Lewis and Clark Valley News

Educator encourages understanding

In light of recent demonstrations on campus, an international peace educator shared his insights on conflict resolution and free speech.

The peace educator, Arthur Romano, an assistant professor at George Mason University, said that during conflicts, people tend to attack each other instead of focusing on the social issues. He emphasized that people can be easier to blame than overall circumstances when things don’t go as planned.

“There’s good reasons why we tend to attack people instead of problems,” Romano said, “because it’s right there and it’s palpable.”

Berto Cerrillo, Student Involvement associate director, said the Student Entertainment Board invited Romano to campus in response to recent organized rallies, such as the sit-in at the beginning of the semester.

He noted that some of these demonstrations, like the Young Americans for Liberty rally earlier this semester, left students divided.

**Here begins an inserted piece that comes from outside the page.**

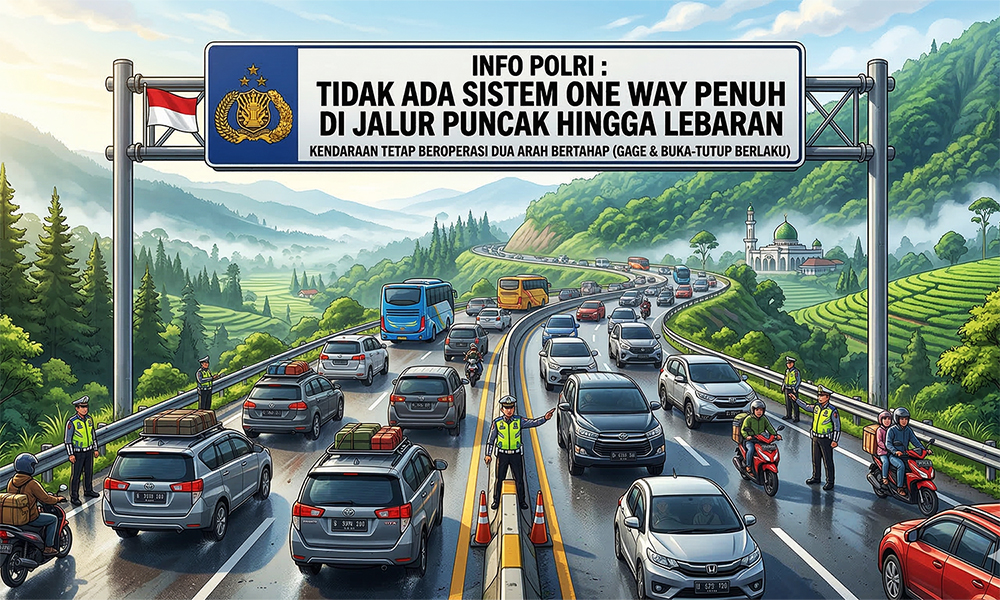 Menurutnya, hingga saat ini belum ada rencana penerapan one way penuh selama periode mudik di Jalur Puncak. Sebagai gantinya, kepolisian akan menerapkan rekayasa lalu lintas secara situasional di titik-titik rawan kemacetan.

“They were defending that hate speech is free speech and they’re right,” Cerrillo said, “but the end of that conversation really just became a trial of you versus me between students.”

Peace talk participant Hailey Windish, who is majoring in business and entrepreneurship, said students need to know that conflict is not temporary. She said there needs to be thought after actions.

“This is a life-long thing … knowing that you can learn from every challenge you have and every activist movement,” she said. “Educate yourself before jumping in.”

Romano said the best way to counter-protest is to understand the other side.

He said in his experience, a good way to counter protest is to hand out flyers to educate bystanders, or the other side.

He said when he participated in a counter protest against the Westboro Baptist Church, his group set up trained members around them to ensure that violence did not occur.

“We thought we could convince people that we shouldn’t play in their hands,” Romano said.

Toward the end of the discussion, Cerillo said groups can rely on WSU for support and that they can help develop students’ ideas to be more effective.

“The challenge here is that most of our students who are engaging aren’t as organized as they could be,” Cerrillo said. “That’s the thing that we wish was better. If they had talked to even us, we could help them think about it.”

He said that verbally attacking people does not solve the problem.

“When it’s most effective is helping people to engage with underlying issues,” Romano said. “It’s not about attacking people — it’s about addressing problems.”